Mr De Castro explained that the CFMEU prevented the workers from being deported and found them new jobs: “The CFMEU secretary and organiser Dave Curtain helped us. They feed us and paid for everything – our stay in the motel in Narrabri for more than a week. They brought us here to Sydney and found us new jobs. We are very lucky that we have one now.”

Chia Tung grossly underpaid the visa workers. According to Mr David Curtain, a CFMEU organiser, the CFMEU has recovered $883 000 for 38 workers who had been employed for between six weeks and four months. Mr Curtain also noted that once the superannuation to which the workers were entitled was paid, the final figure for the underpayments would be in excess of $1 million.

Mr Curtain advised the committee that this sort of exploitation was widespread in the construction industry. He recounted a similar example from Bomaderry where 16 Filipino and 13 Chinese nationals were suffering similar exploitation including overwork, underpayment, safety concerns, and ‘atrocious’ living conditions.

Mr Curtain also explained why migrant workers are unwilling to complain. The reasons include a justifiable fear of being sacked and deported, and also a fear of what might happen to their families back in their home countries: “They were being bullied. They had a foreman down there who had come out on, I think, a 600 class visa. It was well known that his family was involved in the Filipino military. The guys down there understood it and they had expressed to us that they had grave concerns that, if they spoke out and caused trouble, there might very well be trouble back home for their families.”

So what does the government do in light of this weight of evidence of corrupt employer practices, particularly in the construction industry?

They go after the union that tried to protect the workers. They want the CFMEU members to be subject to secret interrogation with no representation that no other citizen endures.

And the employers?

Our Intrepid Minister for Union Bashing has announced a Migrant Workers’ Taskforce.
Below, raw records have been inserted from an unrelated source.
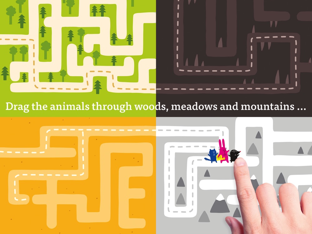 Help Hare, Snail, Dormouse and Mole run away from the wolf, by dragging them through the mazes in search of a safe place to finish their picnic in peace.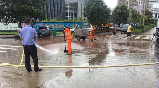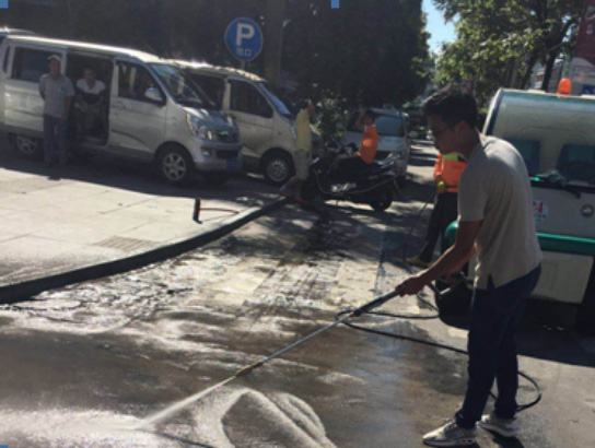 ▲對重點交易市場、政府廣場周邊清洗作業(yè)
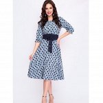 Платье из легкого текстильного полотна,отрезное по линии талии.Воротник стойка переходящий в бант…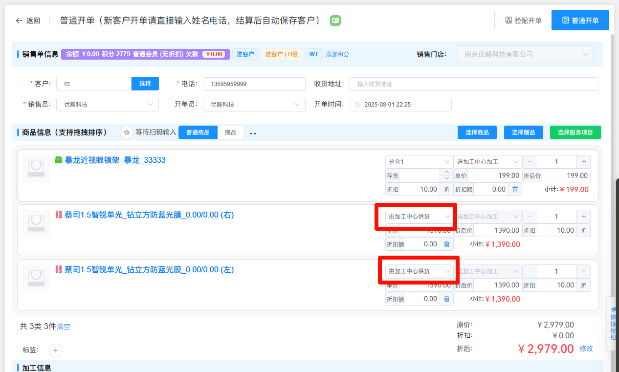 开单时,需要加工的商品的加工类型选择【送加工中心加工】,并选择【加工中心】,填写完成加工信息后、点击【结算】按钮保存销售单后,系统会自动生成内部加工单。后续的操作需要到库存系统 → 加工中心进行处理。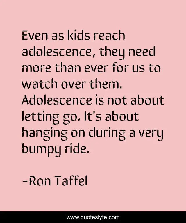 This page presents the quote "Even as kids reach adolescence, they need more than ever for us to watch over them. Adolescence is not about letting go. It's about hanging on during a very bumpy ride.". Author of this quote is Ron Taffel. This quote is about ride, letting go,.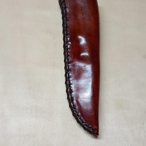 Lille jagtkniv udført af gode materialer og håndsyet læder skede.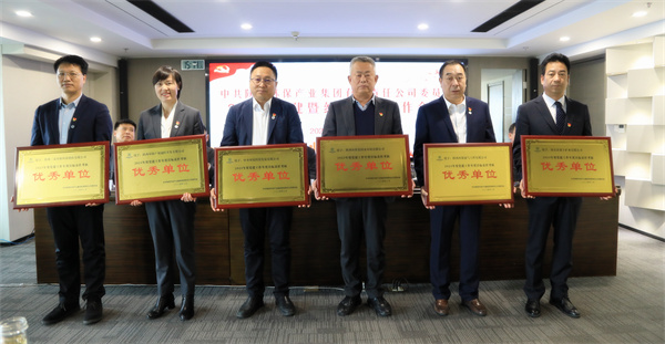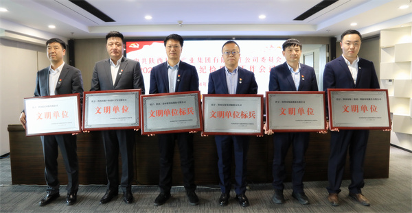 會議對榮獲2023年度黨建工作年度目標責任考核“優秀單位”的中圣公司、水環境公司、園區開發公司、油氣公司、三秦環保股份公司、鼎豐礦業公司和榮獲陜西環保集團“文明單位(標兵)”的:三秦環保股份公司、榆林分公司、園區開發公司、新能源公司、德啟公司、朗新公司,榮獲2023年度“學習強國”平臺“學習標兵”稱號的延安分公司、水環境公司、油氣公司、榆林分公司、鼎豐礦業公司、生物科技公司,榮獲2023年度融媒體平臺“宣傳標兵”稱號的:中圣公司、油氣公司、水環境公司、綠色能源公司、監測公司、鼎豐礦業公司進行了表彰。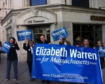 A group of Warren supporters from the Massachusetts College Democrats wave to passers-by and solicit honks of approval at the conner of Boylston and Tremont Street in downtown Boston on Saturday afternoon.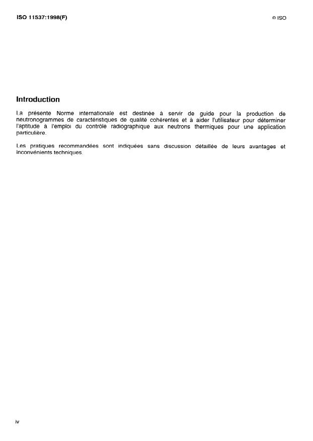 ISO 11537:1998 - Essais non destructifs -- Essai de neutronographie thermique -- Principes généraux et regles de base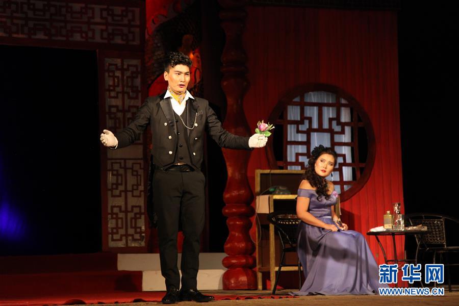 4月27日,在蒙古国首都乌兰巴托国家话剧院,演员表演话剧《日出》。 当日,蒙古国话剧艺术家精心编排的中国近代经典话剧《日出》在乌兰巴托蒙古国国家话剧院成功首演。 新华社发(苏力雅摄)

The Taskforce will run for 18 months and will report on a regular basis to Minister Cash and other relevant Ministers as required.

Its website helpfully informs workers that “The Fair Work Ombudsman can also help if you have a workplace problem.” Likewise, employers are advised “The Fair Work Ombudsman can give you information and advice to help you understand your workplace rights and responsibilities.”

So the unions that help the workers get a draconian new, and very expensive, tough cop on the beat, but any questions about safety concerns or exploitation by employers can just be referred to the existing body who will presumably inform the Taskforce who will inform the Minister who may or may not have another inquiry.